The practical takeaway is that the fix isn't to revise less blindly but to *verify locally*. Step-level confidence filtering catches breakdowns that whole-trace averaging hides, and can stop a trace early before a bad revision metastasizes — matching majority-vote accuracy with far fewer generated traces Does step-level confidence outperform global averaging for trace filtering?. More broadly, checking intermediate states during generation rather than scoring the final answer lifted task success from 32% to 87%, because most failures are process violations, not arithmetic mistakes Where do reasoning agents actually fail during long traces?. Self-revision degrades because it's an unverified internal edit; the cure is external or step-local verification that catches the bad edit before the trace keeps building on it.
Sources 9 notes
Evidence from QwQ, R1, and LIMO shows most revisions retain wrong answers rather than correcting them. Smaller models frequently switch correct answers to incorrect during revision, and longer chains with more revisions correlate with lower accuracy.
Revision guided by external models improves accuracy, but a model revising its own uncertain output typically amplifies confidence in wrong answers rather than correcting them. The revision source, not the revision act itself, determines the outcome.
Research across eight models shows reflection is mostly confirmatory theater—reflections rarely change initial answers and traces don't faithfully represent reasoning. Calibration degrades under binary reward training, and monitoring mechanisms are easily gamed.
Reasoning LLMs exhibit two reinforcing failures: wandering (invalid exploration) and underthinking (premature path-switching). Decoding-level interventions like thought-switching penalties improve accuracy without fine-tuning, suggesting viable solutions exist but are abandoned prematurely.

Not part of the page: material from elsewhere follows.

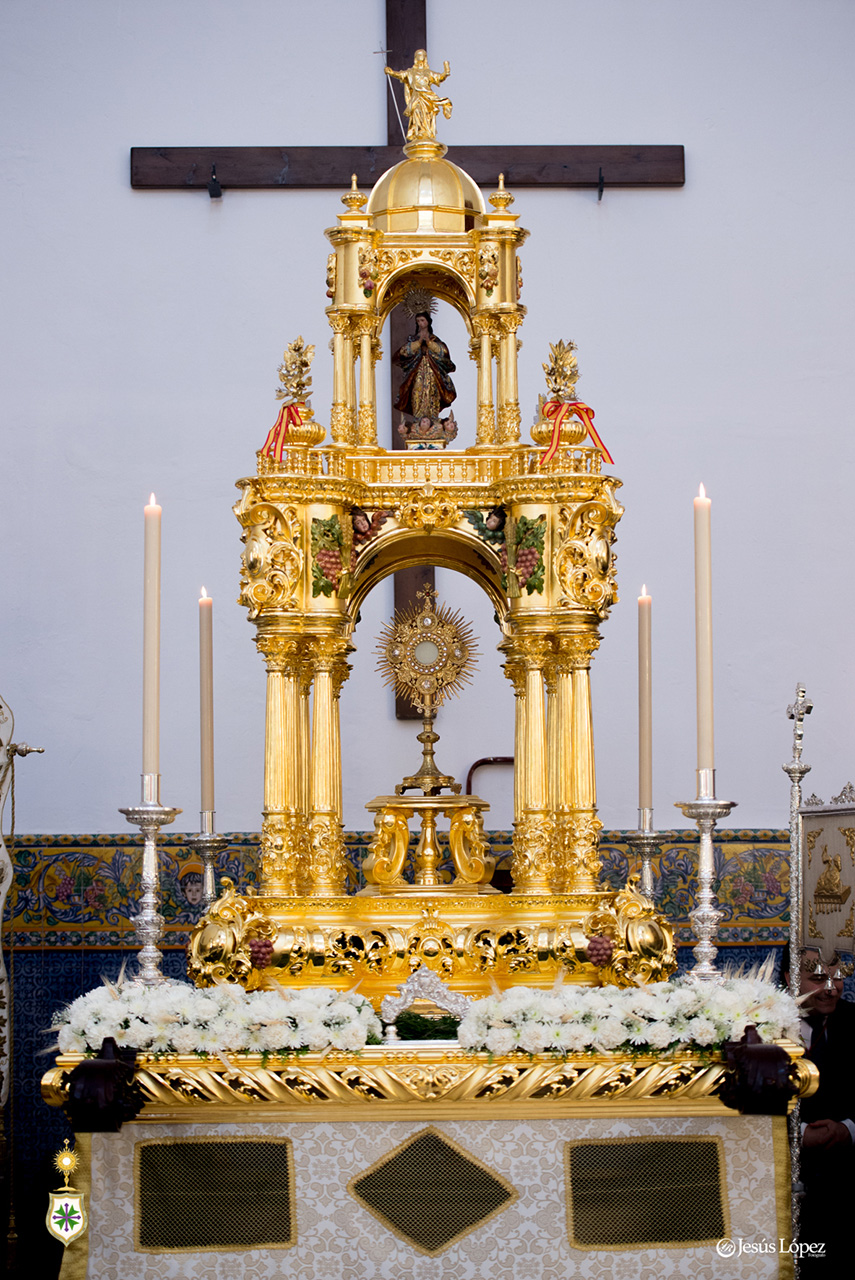 El paso de la Custodia Sacramental está tallado en madera de cedro real americano. De estilo barroco, con la canastilla de entrantes y salientes en planta y alzada, con esquinas lobuladas y cartelas en los centros frontales, laterales y traseras. Un primer cuerpo compuesto de doce columnas, colocadas de tres en tres en las extremos de la planta del conjunto, un cornisamento peraltado con cartelas en las esquinas y en los centros, que da lugar a arcadas, y en su parte interior un techo decorado. En la parte superior de este cornisamento, una balaustrada que lo recorre y cuatro jarras sobre peanas en las esquinas. Las columnas tienen capiteles corintios romanos, el fuste con el primer tercio tallados en adornos y los dos tercios restantes estriados. El segundo cuerpo es igual que el primero menos el lóbulo de las esquinas. La parte superior de este cuerpo consta de una cúpula peraltada, dividida por contrafuerte y rematada por una peana.

Counterfactual resampling, attention analysis, and causal suppression all identify planning and backtracking sentences as thought anchors—sparse critical points that guide subsequent reasoning. These are functional pivots, not noise.
Task accuracy peaks at intermediate CoT length, with optimal length increasing alongside task difficulty but decreasing with model capability. RL training naturally gravitates toward shorter chains as models improve, revealing that simplicity emerges from reward signals rather than explicit training.
DeepSeek-R1 and o1-preview achieve only 20-23.6% exact match on 850 constraint satisfaction problems requiring genuine backtracking. This ceiling reveals that reflective reasoning fluency does not translate to actual problem-solving competence on unfamiliar instance structures.
Local step-level confidence catches reasoning breakdowns that global averaging masks and enables early stopping before traces complete. This approach achieves comparable accuracy gains to naive majority voting with far fewer generated traces, proving trace quality matters more than quantity.
Reliability for long-trace reasoning comes from checking intermediate states and policy compliance during generation, not from scoring final outputs. Adding intermediate verification raised task success from 32% to 87% because most failures are process violations, not wrong answers.